Adam plunged into a second patch. “These are blueberries. And they’re growing strawberries.”
“Yeah? I ran out of blueberries.”
“And where,” demanded Adam, plodding free of the patch, vines over his shoulders and desolation in his eyes, “Are. The. Raspberries.”
“Where do you think they are? In the maple trees.”
At this Adam lashed out his fist into his sister’s brisket, but Anna’s autonomous nervous system had been tense as a wire since she laid eyes on the goose and it counteracted with a knee to the groin, followed by applying said goose to Adam’s nose. Adam’s free hand stuffed poison ivy down the back of Anna’s shirt and it all continued as it thus began, but moreso, and moreso, and moreso, and moreso, until at last Mother heard the ruckus from clean across her globe and came downstairs to separate, investigate, and interrogate.
“I told you,” she said in her most severe and wintery tones, a child in each hand, “to do what you do best. This scarcely seems it.”
“ANYONE could do what they do best!” Anna and Adam agreed violently, pointing bitten and scarred fingers at the other.
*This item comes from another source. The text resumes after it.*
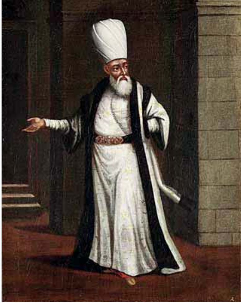
Resim 5. J. B. Vanmour'a ait yağlıboya bir resimde Yeniçeri ağası. Rijksmuseum, S.K.-A.2025

gerçekleştiğini ve olup-bitenlere tam olarak hangi sûistimal-lerin sebebiyet verdiğini göstermesi bakımından son derece önemlidir.

“Oh,” said Mother. “I see my mistake. You’ve done exactly what you do best together, it just isn’t anything useful. Well, what’s done is done. Time to fix it.”
And they did, and it took as long as you thought and was as tedious and frustrating as you’d imagine, but in the end spring – reluctantly, slowly, gradually – sprang, and everything was as it was intended to be.
But no matter how long she made them scrub, they never could get the red paint off those two birds.